Dies sind nur einige Fragen, die den Arbeitsbereich des Arbeitskreises Kunstgeschichte und Bildung skizzieren. Während gesellschaftliche Bildungsprozesse institutionalisiert in der Schule stattfinden, ist dies ganz überwiegend kein Berufsfeld für Kunsthistoriker/‑innen. Gleichzeitig ist Kunstgeschichte in das Lehramtsstudium Kunstgeschichte integriert, womit etwa 30 Professuren der Kunstgeschichte in dieser Funktion teilweise oder ganz begründet sind.

Das Fach hat also in diesem Bereich eine große Verantwortung, der es sich stellen muss. Im Gegensatz zur Germanistik oder Geschichtswissenschaft ist die Kunstgeschichte bislang nicht an der Ausgestaltung von Curricula, der Formulierung von Prüfungsthemen (Stichwort: Zentralabitur) oder der Legitimation von Lehrinhalten und Kompetenzen beteiligt. Bildungs­­standards für das Fach Kunst werden gegenwärtig in aller Regel ohne Beteiligung der Kunsthistoriker/‑innen formuliert. Nicht zuletzt wird ein Kerngebiet des Faches, die Bildkompetenz, damit vernachlässigt. Vor dem Hintergrund aktueller gesellschaftlicher Herausforderungen mit ihrer durch KI-generierte Bilder immer weiter zunehmenden Bilderflut, ist die Bedeutung von Bildkompetenz als individuelle Fähigkeit für demokratische Prozesse nicht groß genug einzuschätzen.

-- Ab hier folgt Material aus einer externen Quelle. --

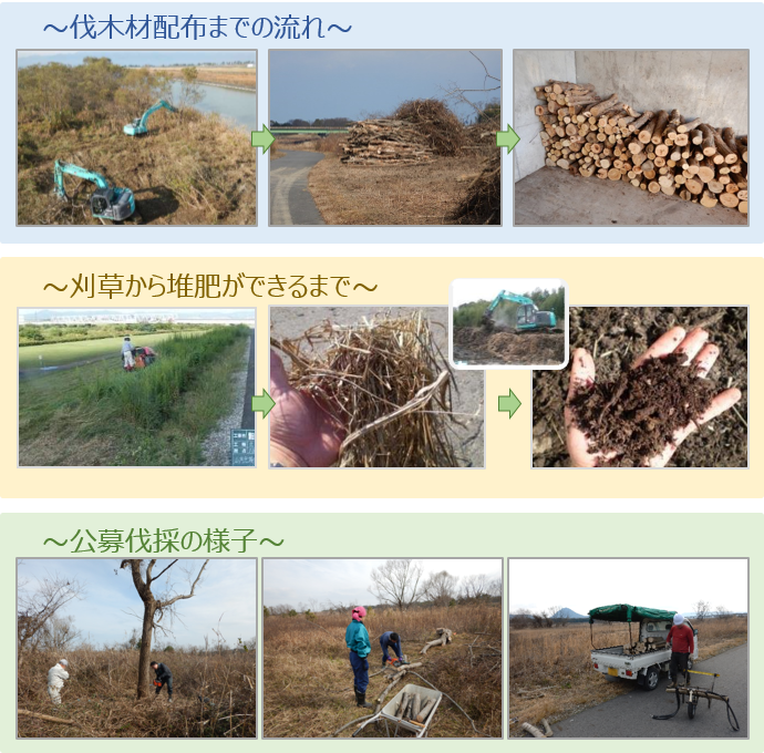 琵琶湖河川事務所では、河川の適切に維持管理していくために河川の堤防の除草・支障となる樹木の伐採を行っています。 このような管理により発生した草木を有効活用し、処分費等のコストを縮減することを目的として、リサイクル資材(堆肥・伐木材)の配布を行っています。 また、河川内に生育する樹木を希望者自らが伐採し利用していただく「公募伐採」の取り組みも実施しています。河川の資源の有効利用に興味がある方は以下よりお申し込みください。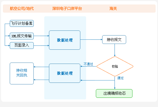 深圳电子口岸平台提供出境确报前台录入及XML报文传输方式。 在申报航空器动态前,必须要申报当日飞行计划。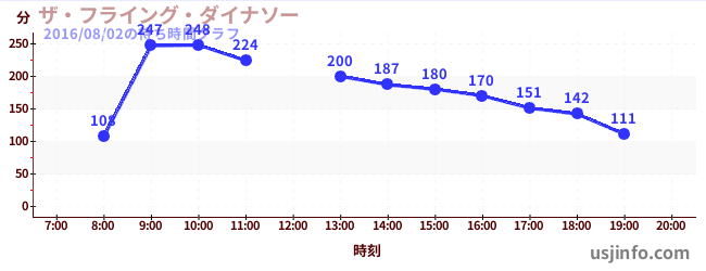 • ザ・フライング・ダイナソー$B$N(B2016年08月02日の待ち時間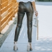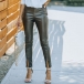 Fashion Solid Color High Waist Slit Leg Opening Slim Fit PU leather Pants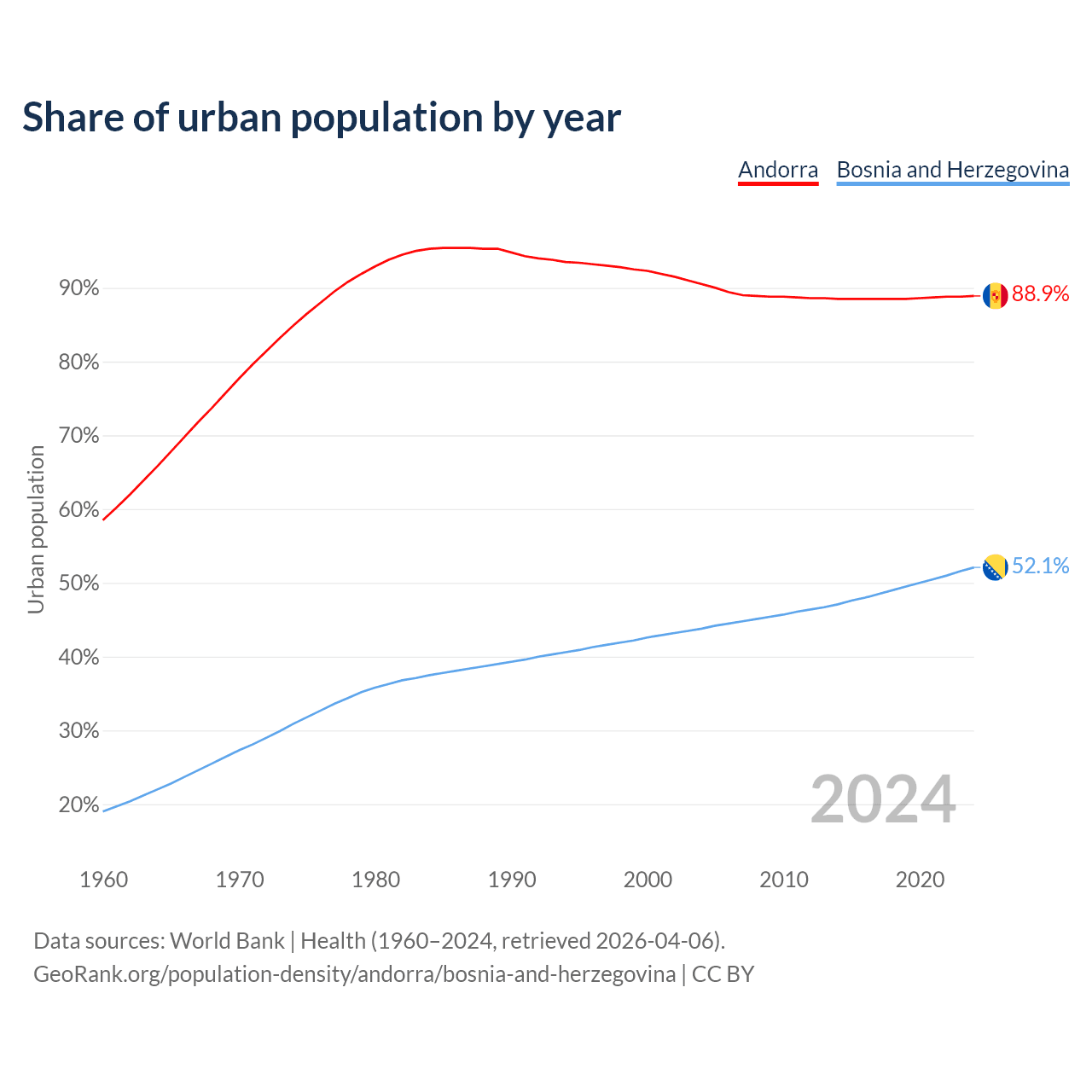 From 2004 to 2024, the share of urban population changed from 90.5% to 88.9% in Andorra and from 43.8% to 52.1% in Bosnia and Herzegovina.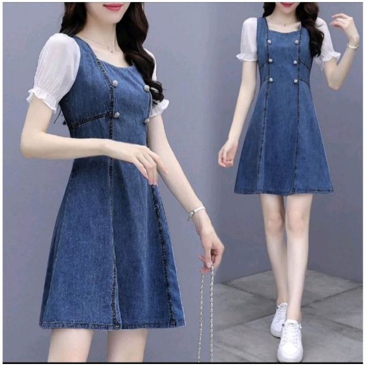 GAUN DRESS JEANS WANITA KOMBINASI SIFON PAKAIAN WANITA FASHION FORMAL CASUAL PAKAIAN DRES PEREMPUAN TERBARU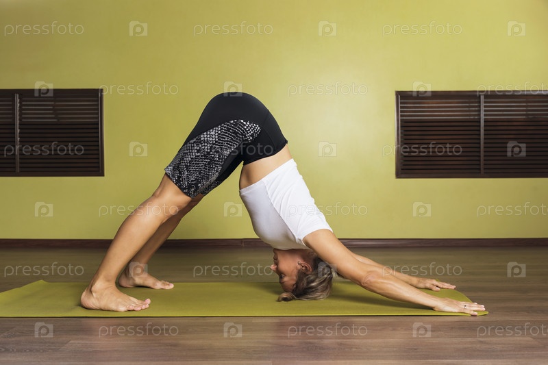 Женщина, занимающаяся йогой, выполняет в студии у стены упражнение Адхо Мукха Шванасана, поза собаки, лицом вниз

Einer Verdrängung von kunsthistorischen Themen aus den Schulen möchte der Arbeitskreis Kunstgeschichte und Bildung entgegenwirken. Sonst verlieren die Museen wie die Denkmale, Kirchen und Schlösser mit ihren Ausstattungen, Schatz­kammern, Gärten, das gesamte historische Kunst­handwerk u. a. m. – mithin das kulturelle Erbe – die gesell­schaftlich verankerte Vermittlung in die nächste Generation hinein.

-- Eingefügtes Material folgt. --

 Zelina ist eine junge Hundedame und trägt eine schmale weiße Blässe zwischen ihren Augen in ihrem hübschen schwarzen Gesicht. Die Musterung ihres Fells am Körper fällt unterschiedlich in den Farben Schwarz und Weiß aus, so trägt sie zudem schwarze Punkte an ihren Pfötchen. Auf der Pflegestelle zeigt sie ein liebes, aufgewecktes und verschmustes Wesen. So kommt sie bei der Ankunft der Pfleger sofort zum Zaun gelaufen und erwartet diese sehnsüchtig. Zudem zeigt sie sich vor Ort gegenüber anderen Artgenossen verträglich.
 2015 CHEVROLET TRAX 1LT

Der Arbeitskreis Kunstgeschichte und Bildung möchte eine Plattform bil­den, um die Rolle des Faches in den Kontexten von Schule – auch über den Kunstunterricht hinaus – und anderen Bildungsbereichen deutlich zu machen. Angestrebt wird, im Fach begründete Legitimationen und Forderungen für Inhalte und Kompetenzen zu formulieren und entsprechende Bildungsangebote zu machen. Der Arbeitskreis Kunstgeschichte und Bildung möchte ein Ver­hand­lungspartner in bildungspolitischen Prozessen (Schul­ministerien, Kultus­­minister­­konferenz) werden und die Anliegen des Faches etwa bei der Formulierung von Bil­dungs­­standards und Curricula einbringen.

Mitmachen

Der Arbeitskreis tauscht sich regelmäßig über Zoom aus und ist offen für Interessierte. Ziel ist aktuell, auf der nächsten Verbandstagung mit einer eigenen Veranstaltung vertreten zu sein. Daneben bereitet der Koordinationskreis auch weitere Mitwirkungen auf verschiedenen Konferenzen vor.

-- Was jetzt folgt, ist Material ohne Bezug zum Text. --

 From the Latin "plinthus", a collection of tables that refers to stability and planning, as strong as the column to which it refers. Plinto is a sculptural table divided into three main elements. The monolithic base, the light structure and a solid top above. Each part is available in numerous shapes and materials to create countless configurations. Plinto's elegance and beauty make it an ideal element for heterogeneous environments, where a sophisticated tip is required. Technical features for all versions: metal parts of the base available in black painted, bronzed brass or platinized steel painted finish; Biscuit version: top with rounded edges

Im Zentrum steht die Frage, auf welchen Feldern kunsthistorische Bildung und Vermittlung gesellschaftlich relevant wird. Dies sind etwa ganztagsschulische und außerschulische Lernorte, Bildungsmedien, kulturelle Bildung, Popularisierung von Kunstgeschichte, Museumsvermittlung, bau- und denkmalkulturelle Bildung und Vermittlung sowie Tourismus. Dabei sollen Perspektiven darauf entwickelt werden, wie diese gesellschaftlichen Schnittstellen der Kunstgeschichte in ihrem fachlichen Auftrag, aber auch in ihren spezifischen Sprech- und Vermittlungsweisen innerhalb des Faches und im Studium stärker sichtbar, aufbereitet und nachhaltig verankert werden können.

Das nächste Zoom-Treffen findet am 28. September 2026 um 12 Uhr statt (Link über trinkert@hhu.de), damit verbunden eine herzliche Einladung zum Kennenlernen, punktuell Engagieren oder aktiven Mitarbeiten!

Ansprechperson

Prof. Dr. Julia Trinkert

Geschäftsadresse
Heinrich-Heine-Universität Düsseldorf
Institut für Kunstgeschichte
Universitätsstraße 1
40225 Düsseldorf
trinkert@uni-duesseldorf.de

Mitglieder des Koordinierungskreises

Kirsten Lee Bierbaum

Ort
Dortmund

Melanie Ehler

Ort
Hargesheim

Sidonie Engels

Ort
Berlin

Martina Sitt

Ort
Kassel

Julia Trinkert

Ort
Düsseldorf

Andreas Zeising

Ort
Dortmund

Titelbild: Lehrstuhl für Kunstgeschichte, TU Dortmund (Malte Schürmann)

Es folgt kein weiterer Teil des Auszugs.